Your objective. Output, exactly and in full, only the lines from the one containing "2023年6月交易日历" to the last line of the data. Pictures should not appear.

Available data.
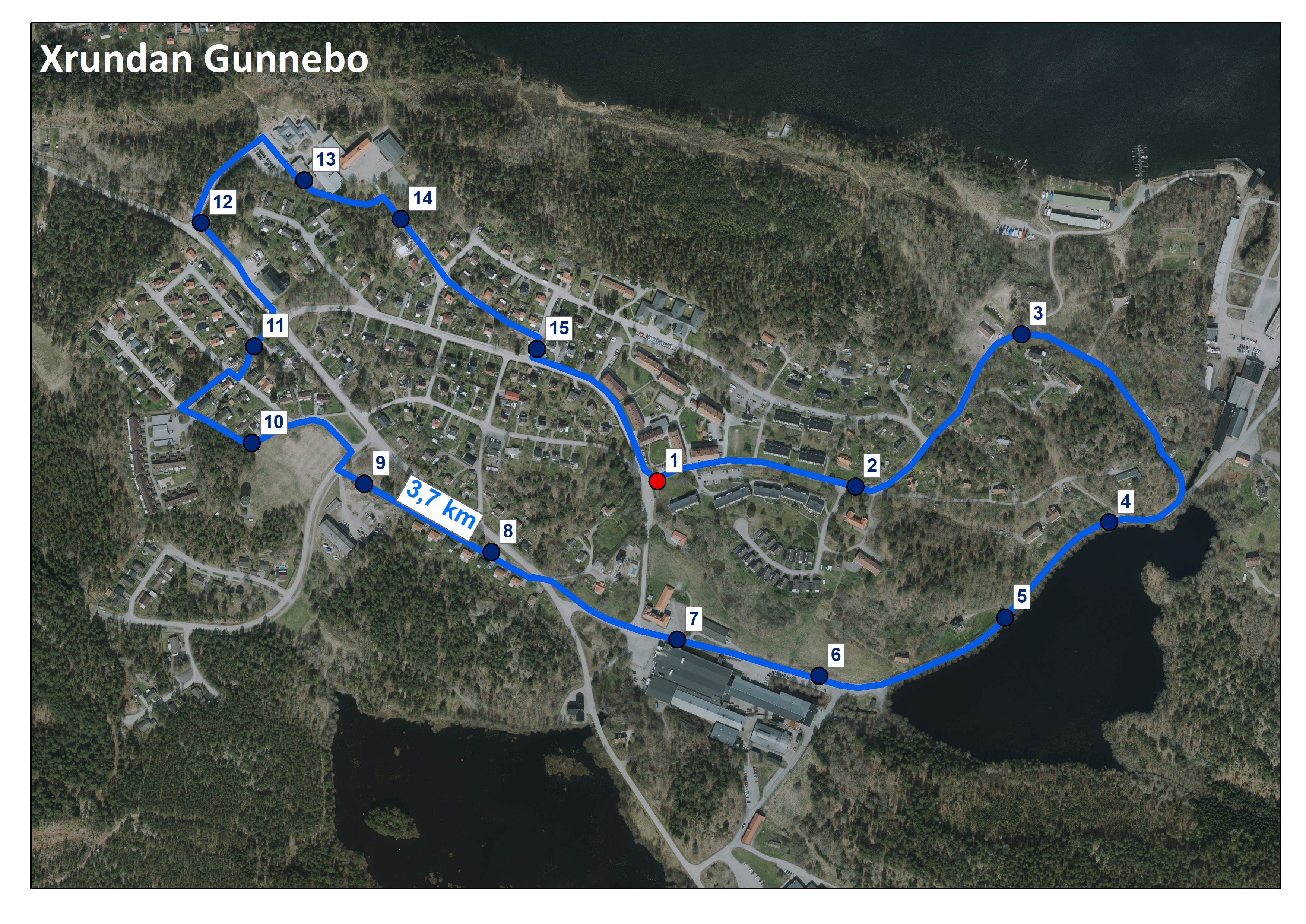 Starten för rundan är i korsningen vid centrum. Den går medurs och är cirka 3,7 kilometer lång. Terrängen består av asfalt.
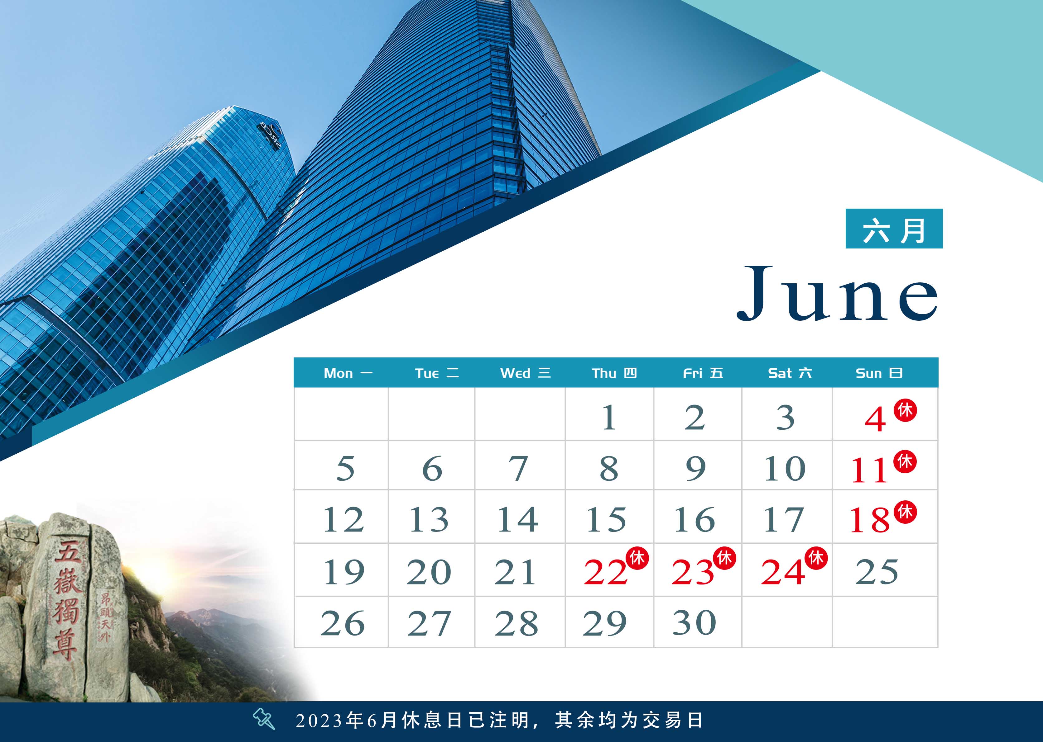 2023年6月交易日历
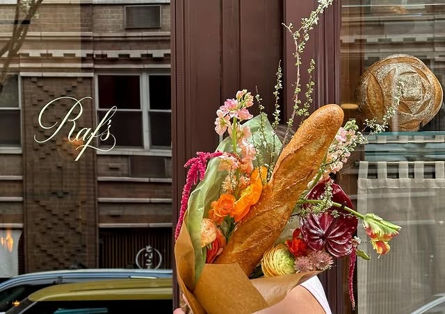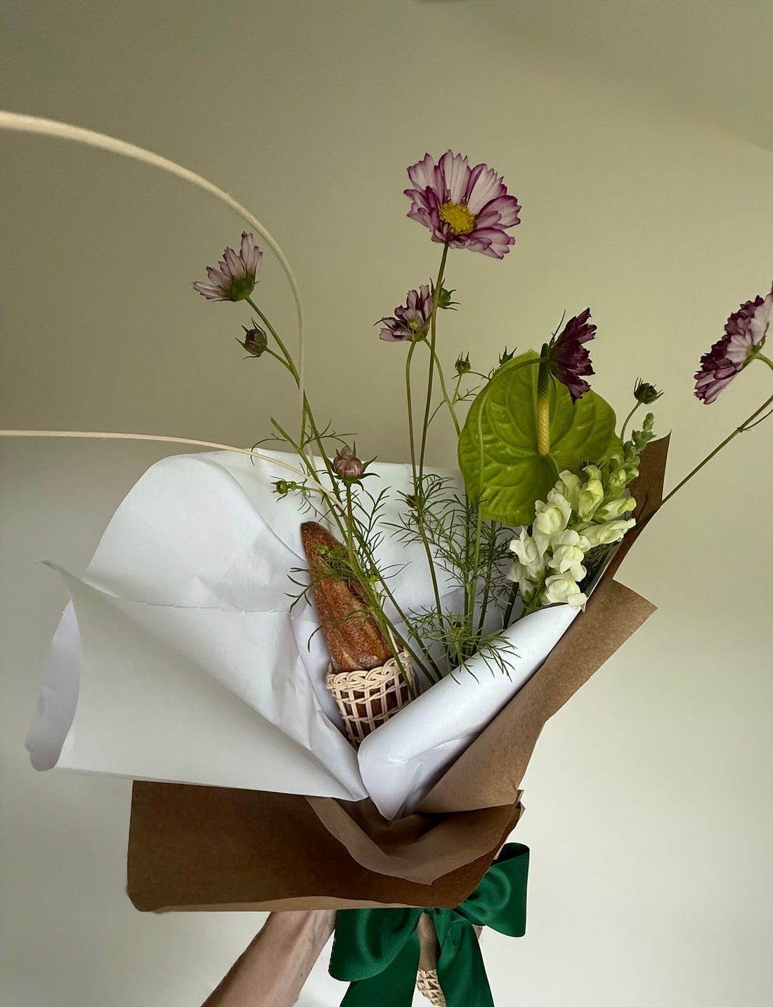 .)I’d seen my friends at Raf’s do a super clever “boulé bouquet” for Mother’s Day, with a fresh-baked baguette tucked into a paper-wrapped flower bouquet. (Yes, I know that technically, a boulé is round, but let us have the pun, okay?) And I knew Erin made cheeky baskets for baguettes, so I thought it would be fun to combine the ideas.

Result of the task.
 2023年6月交易日历
 .)I’d seen my friends at Raf’s do a super clever “boulé bouquet” for Mother’s Day, with a fresh-baked baguette tucked into a paper-wrapped flower bouquet. (Yes, I know that technically, a boulé is round, but let us have the pun, okay?) And I knew Erin made cheeky baskets for baguettes, so I thought it would be fun to combine the ideas.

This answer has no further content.